▶ _Problem to solve_
With pictures removed, output every record below exactly as written.

-- Entries shown follows --

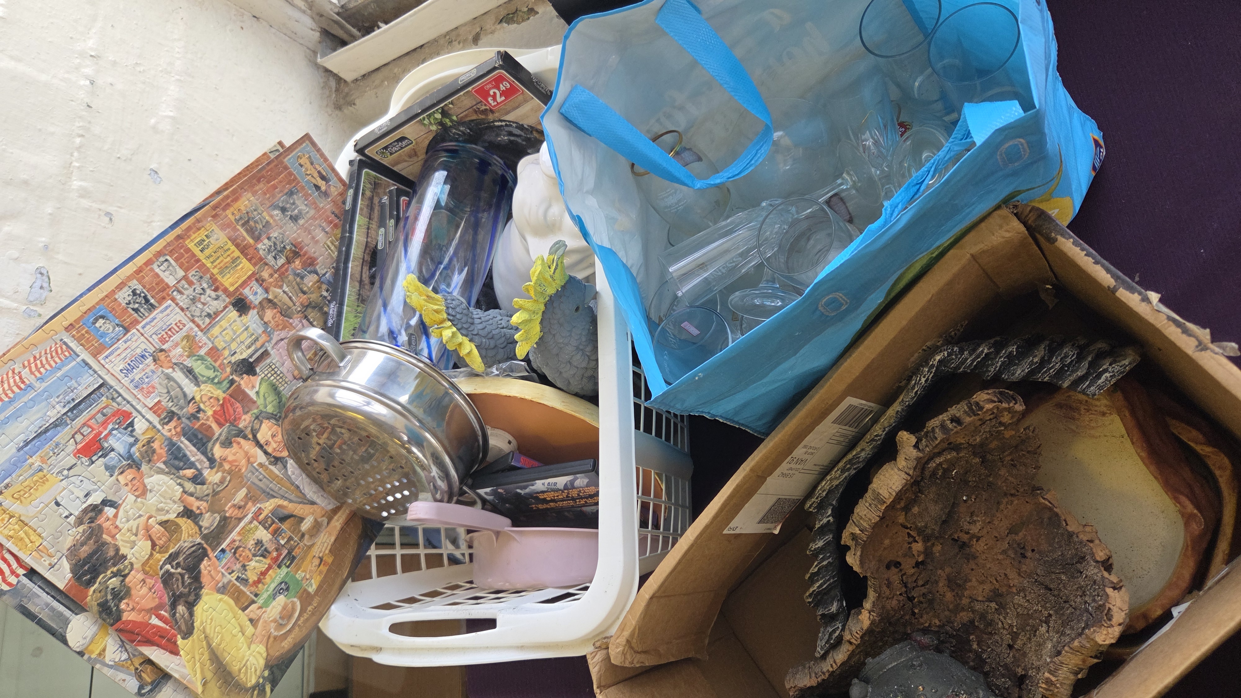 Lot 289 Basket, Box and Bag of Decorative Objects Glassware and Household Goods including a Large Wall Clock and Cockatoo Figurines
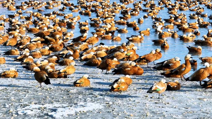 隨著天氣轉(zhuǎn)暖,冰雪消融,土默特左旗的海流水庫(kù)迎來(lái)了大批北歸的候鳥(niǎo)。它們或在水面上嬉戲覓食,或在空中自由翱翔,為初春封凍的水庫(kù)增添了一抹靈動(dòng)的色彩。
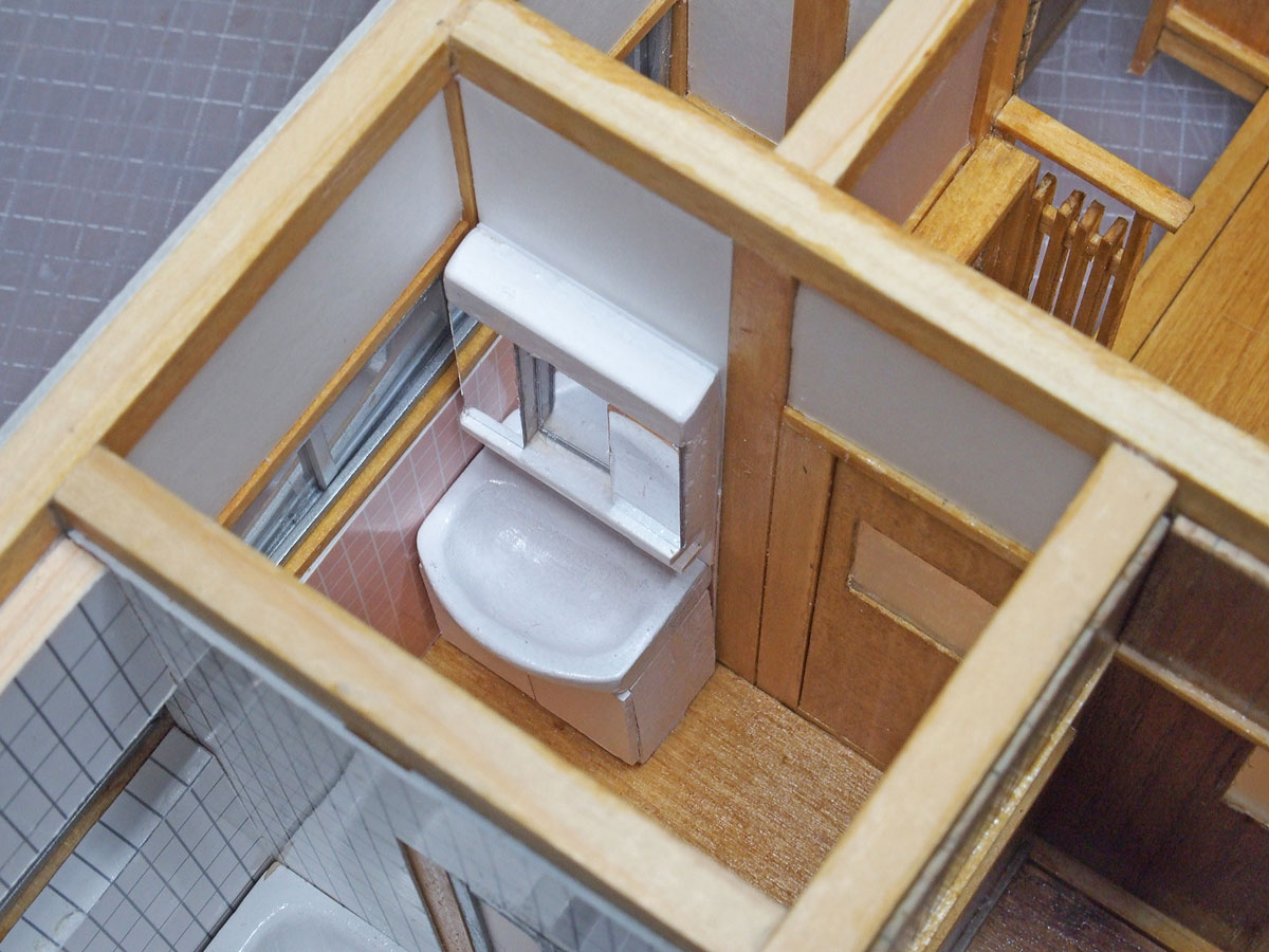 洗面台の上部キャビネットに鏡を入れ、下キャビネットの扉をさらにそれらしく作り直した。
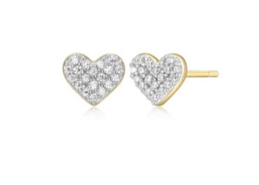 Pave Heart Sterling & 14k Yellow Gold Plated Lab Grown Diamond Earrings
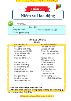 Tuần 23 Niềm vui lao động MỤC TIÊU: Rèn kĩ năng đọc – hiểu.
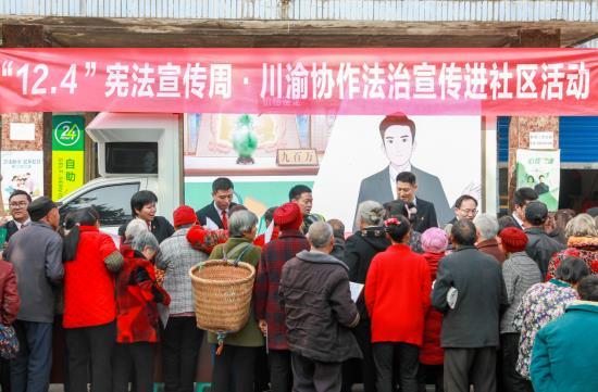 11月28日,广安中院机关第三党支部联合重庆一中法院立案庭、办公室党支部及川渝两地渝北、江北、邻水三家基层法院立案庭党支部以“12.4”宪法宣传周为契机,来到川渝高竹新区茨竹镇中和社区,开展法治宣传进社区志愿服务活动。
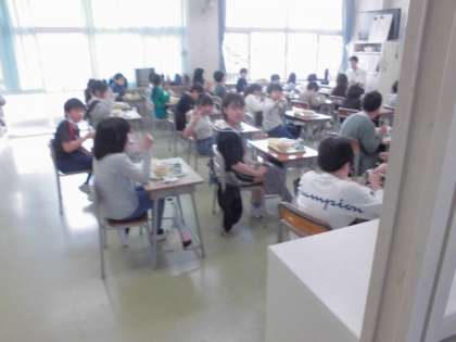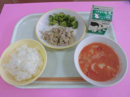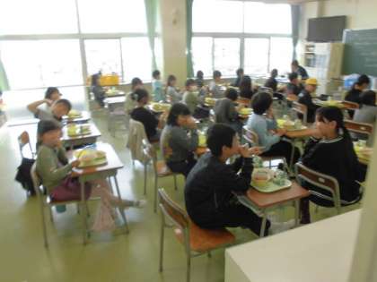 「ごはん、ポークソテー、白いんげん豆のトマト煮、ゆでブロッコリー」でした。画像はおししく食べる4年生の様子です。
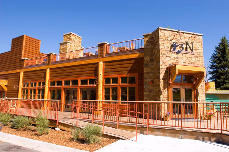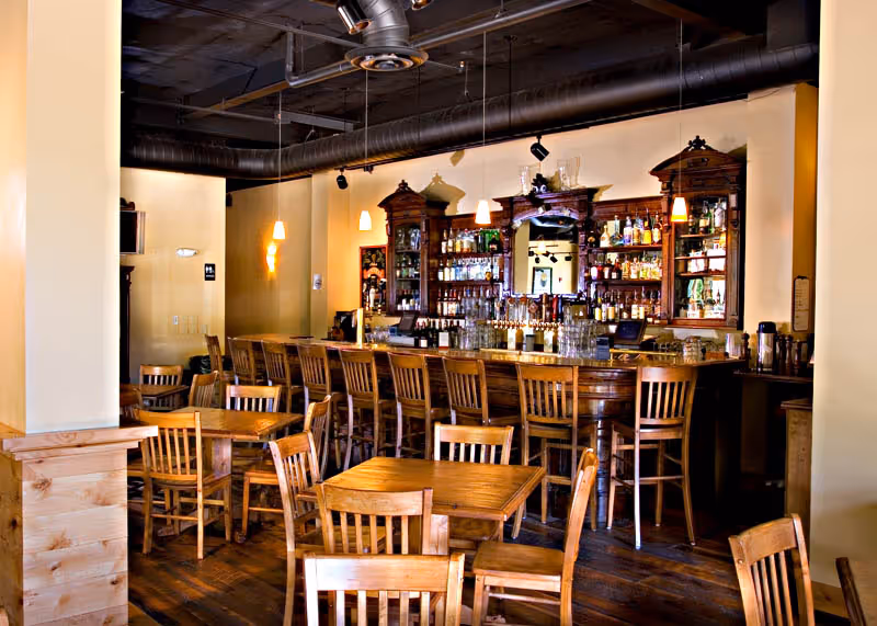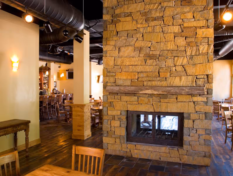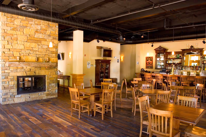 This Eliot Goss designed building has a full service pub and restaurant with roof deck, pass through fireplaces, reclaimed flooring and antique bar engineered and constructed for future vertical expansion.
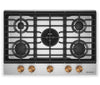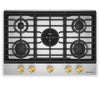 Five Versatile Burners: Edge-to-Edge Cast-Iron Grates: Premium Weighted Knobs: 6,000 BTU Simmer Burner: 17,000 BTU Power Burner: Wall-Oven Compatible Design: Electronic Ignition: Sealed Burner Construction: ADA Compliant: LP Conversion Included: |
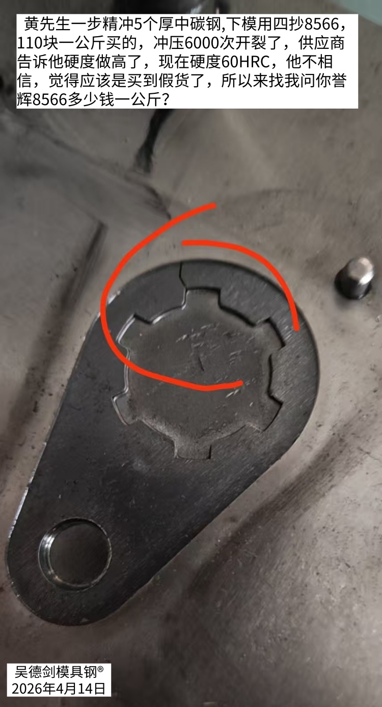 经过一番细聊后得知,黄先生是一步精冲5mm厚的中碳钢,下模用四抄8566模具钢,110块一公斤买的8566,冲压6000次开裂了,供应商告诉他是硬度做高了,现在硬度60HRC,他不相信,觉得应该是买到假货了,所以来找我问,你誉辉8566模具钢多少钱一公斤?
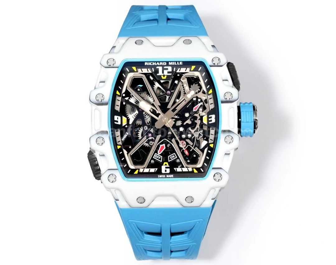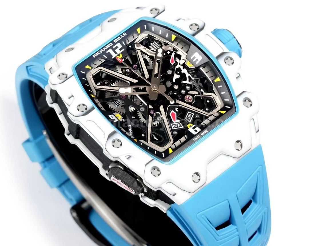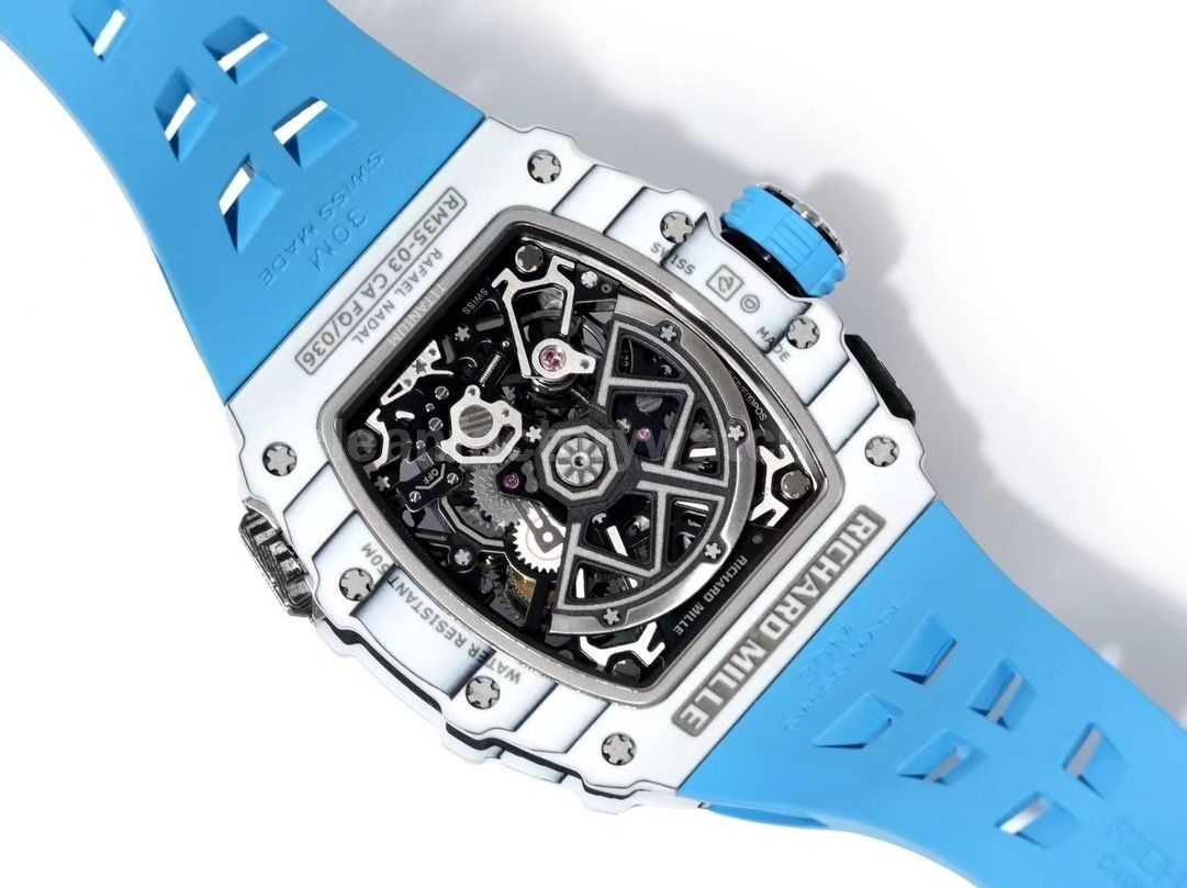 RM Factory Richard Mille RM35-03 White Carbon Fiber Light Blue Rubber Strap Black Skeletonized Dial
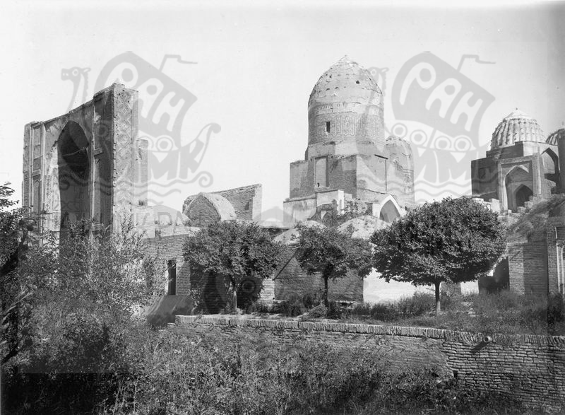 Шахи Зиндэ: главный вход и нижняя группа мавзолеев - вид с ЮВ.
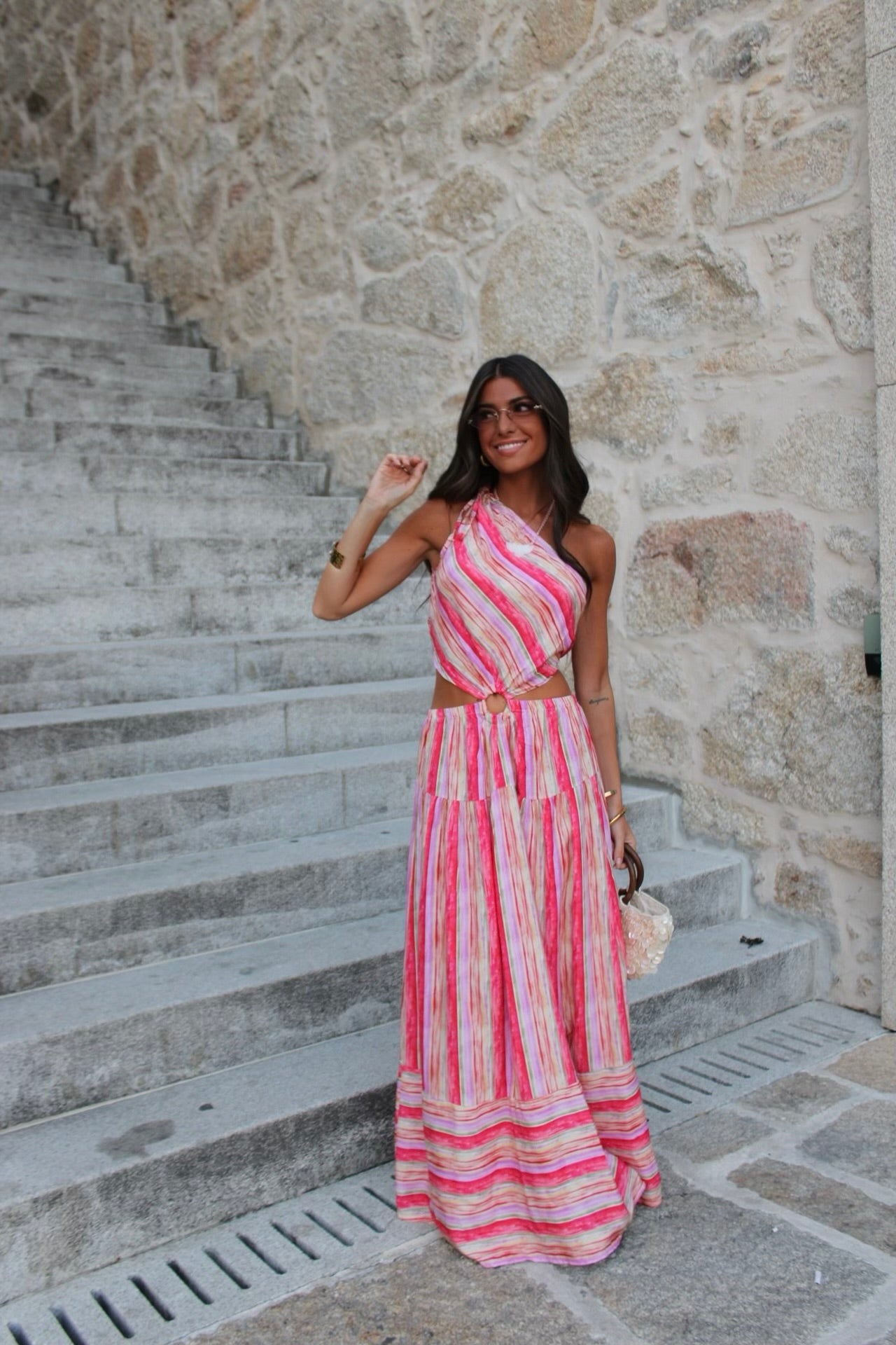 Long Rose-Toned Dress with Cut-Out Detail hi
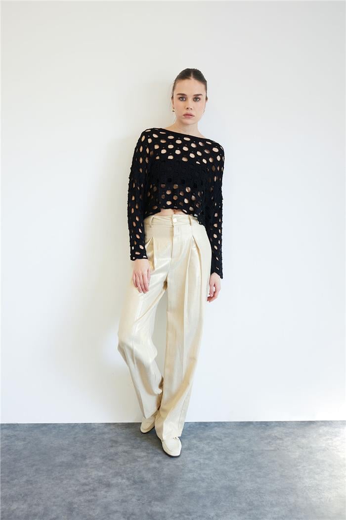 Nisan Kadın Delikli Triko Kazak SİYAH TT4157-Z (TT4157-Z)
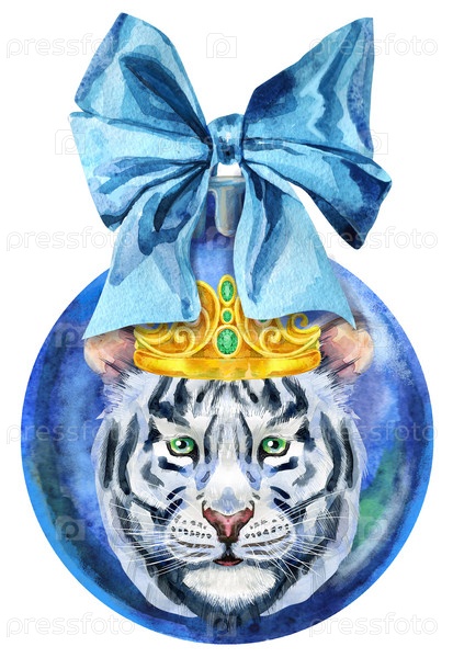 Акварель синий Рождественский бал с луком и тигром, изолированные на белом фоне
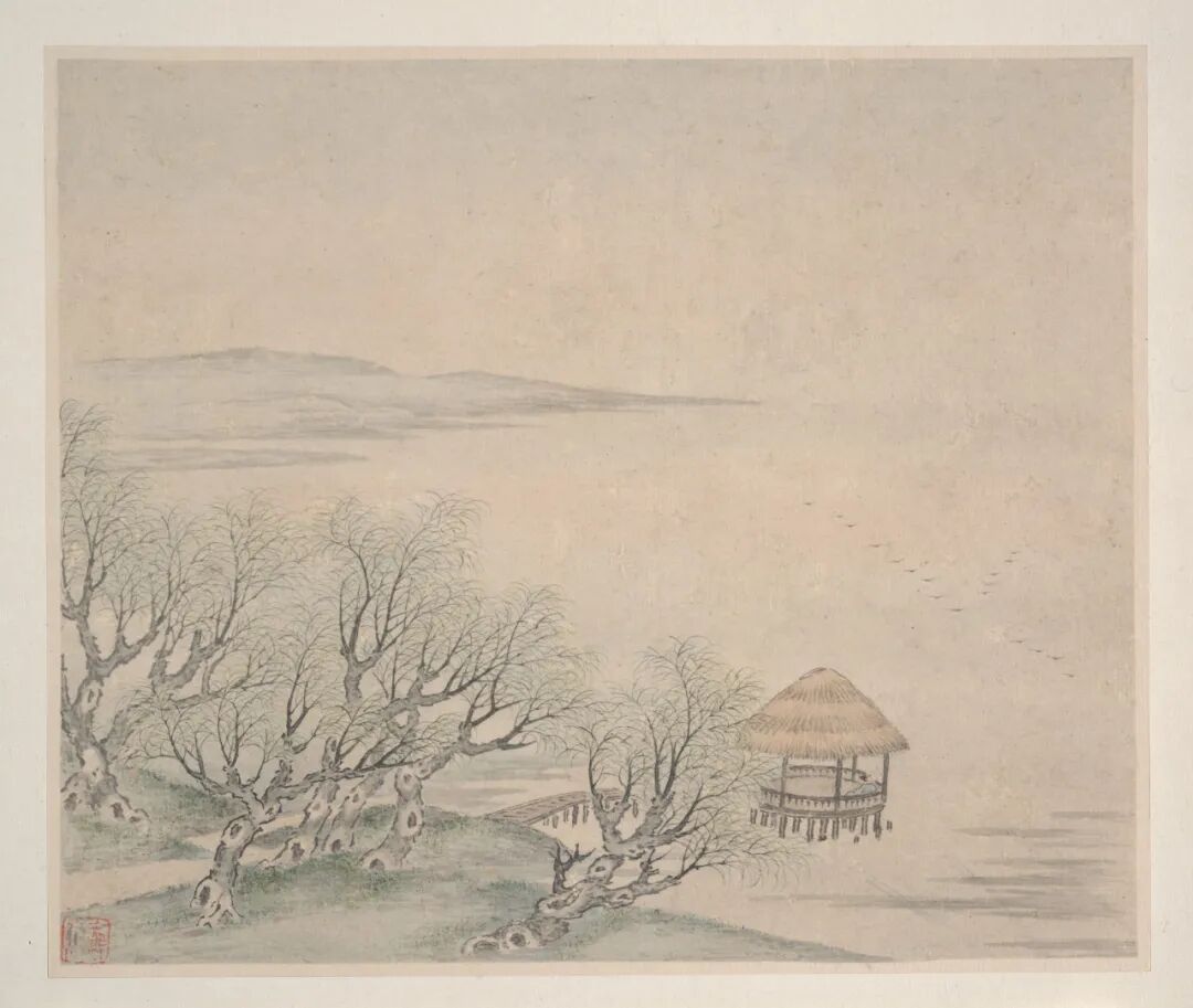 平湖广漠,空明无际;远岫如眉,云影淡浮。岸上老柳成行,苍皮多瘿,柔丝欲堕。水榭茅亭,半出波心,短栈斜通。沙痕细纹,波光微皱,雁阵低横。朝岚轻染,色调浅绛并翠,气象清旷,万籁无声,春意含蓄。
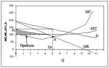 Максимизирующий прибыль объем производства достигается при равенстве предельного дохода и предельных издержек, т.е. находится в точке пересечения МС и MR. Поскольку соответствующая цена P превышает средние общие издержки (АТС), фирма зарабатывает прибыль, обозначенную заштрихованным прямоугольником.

-- Entries shown concluded --

▶ _Exercise answer_
 Lot 289 Basket, Box and Bag of Decorative Objects Glassware and Household Goods including a Large Wall Clock and Cockatoo Figurines
 隨著天氣轉(zhuǎn)暖,冰雪消融,土默特左旗的海流水庫(kù)迎來(lái)了大批北歸的候鳥(niǎo)。它們或在水面上嬉戲覓食,或在空中自由翱翔,為初春封凍的水庫(kù)增添了一抹靈動(dòng)的色彩。
 洗面台の上部キャビネットに鏡を入れ、下キャビネットの扉をさらにそれらしく作り直した。
 Pave Heart Sterling & 14k Yellow Gold Plated Lab Grown Diamond Earrings
 Tuần 23 Niềm vui lao động MỤC TIÊU: Rèn kĩ năng đọc – hiểu.
 11月28日,广安中院机关第三党支部联合重庆一中法院立案庭、办公室党支部及川渝两地渝北、江北、邻水三家基层法院立案庭党支部以“12.4”宪法宣传周为契机,来到川渝高竹新区茨竹镇中和社区,开展法治宣传进社区志愿服务活动。
 「ごはん、ポークソテー、白いんげん豆のトマト煮、ゆでブロッコリー」でした。画像はおししく食べる4年生の様子です。
 This Eliot Goss designed building has a full service pub and restaurant with roof deck, pass through fireplaces, reclaimed flooring and antique bar engineered and constructed for future vertical expansion.
 Five Versatile Burners: Edge-to-Edge Cast-Iron Grates: Premium Weighted Knobs: 6,000 BTU Simmer Burner: 17,000 BTU Power Burner: Wall-Oven Compatible Design: Electronic Ignition: Sealed Burner Construction: ADA Compliant: LP Conversion Included: |
 经过一番细聊后得知,黄先生是一步精冲5mm厚的中碳钢,下模用四抄8566模具钢,110块一公斤买的8566,冲压6000次开裂了,供应商告诉他是硬度做高了,现在硬度60HRC,他不相信,觉得应该是买到假货了,所以来找我问,你誉辉8566模具钢多少钱一公斤?
 RM Factory Richard Mille RM35-03 White Carbon Fiber Light Blue Rubber Strap Black Skeletonized Dial
 Шахи Зиндэ: главный вход и нижняя группа мавзолеев - вид с ЮВ.
 Long Rose-Toned Dress with Cut-Out Detail hi
 Nisan Kadın Delikli Triko Kazak SİYAH TT4157-Z (TT4157-Z)
 Акварель синий Рождественский бал с луком и тигром, изолированные на белом фоне
 平湖广漠,空明无际;远岫如眉,云影淡浮。岸上老柳成行,苍皮多瘿,柔丝欲堕。水榭茅亭,半出波心,短栈斜通。沙痕细纹,波光微皱,雁阵低横。朝岚轻染,色调浅绛并翠,气象清旷,万籁无声,春意含蓄。
 Максимизирующий прибыль объем производства достигается при равенстве предельного дохода и предельных издержек, т.е. находится в точке пересечения МС и MR. Поскольку соответствующая цена P превышает средние общие издержки (АТС), фирма зарабатывает прибыль, обозначенную заштрихованным прямоугольником.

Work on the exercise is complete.